During the Battle of Manila on February 7, 1945, the United States Army 148th Infantry Regiment crossed the Pasig River from the north and landed in the suburbs of Pandacan and Paco with the Filipino troops under the Philippine Commonwealth Army. A battle took place around the station with some 300 Imperial Japanese Army defending it.

===Contemporary history===
The old station fell into disuse in the years following the war. The station was partially demolished in 1996 to make way for a shopping mall in the area. A new station was also built to the southwest as part of PNR's reconstruction in 2009 due to the old station building being unusable.

The Department of Transportation and Communications started plans to restore and conserve the old station building in 2015. Heritage advocates including the Heritage Conservation Society welcomed the development. As of July 2020, the new Paco station shall be built beside the old one with a buffer zone, similar to Seoul Station in South Korea.

On March 28, 2024, station operations were temporarily suspended to make way for the construction of the North–South Commuter Railway (NSCR). The newer platform area was demolished as the station will be repurposed as an elevated station.
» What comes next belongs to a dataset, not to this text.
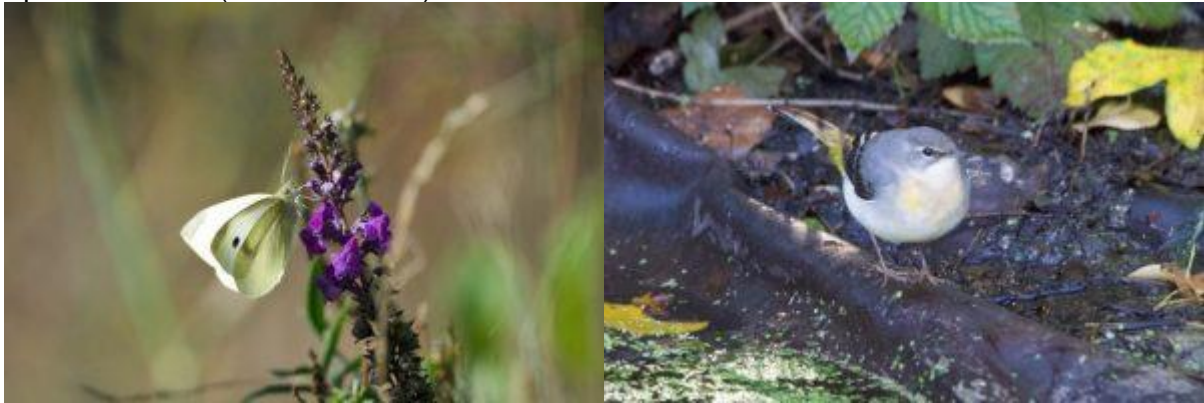
Small White (left) and Grey Wagtail at Mudchute (Richard Saville) click to enlarge

11 October 2022, Mudchute: 2 Monk Parakeets, 1 Grey Wagtail, 3 Small White butterflies, 1 Speckled Wood (Richard Saville).

According to rendered images of the NSCR, freight tracks belonging to the PNR South Long Haul's northward extension to the Port of Manila will pass through the bottom of the NSCR station and behind the original building.

==Nearby landmarks==
The station is near Plaza Dilao, Paco Market, San Fernando de Dilao Church, Paco Catholic School, and Colegio de la Inmaculada Concepcion de la Concordia. Plaza Dilao is also where the statue dedicated to Blessed Dom Justo Takayama stands. Skyway Stage 3 passes by the old and new stations.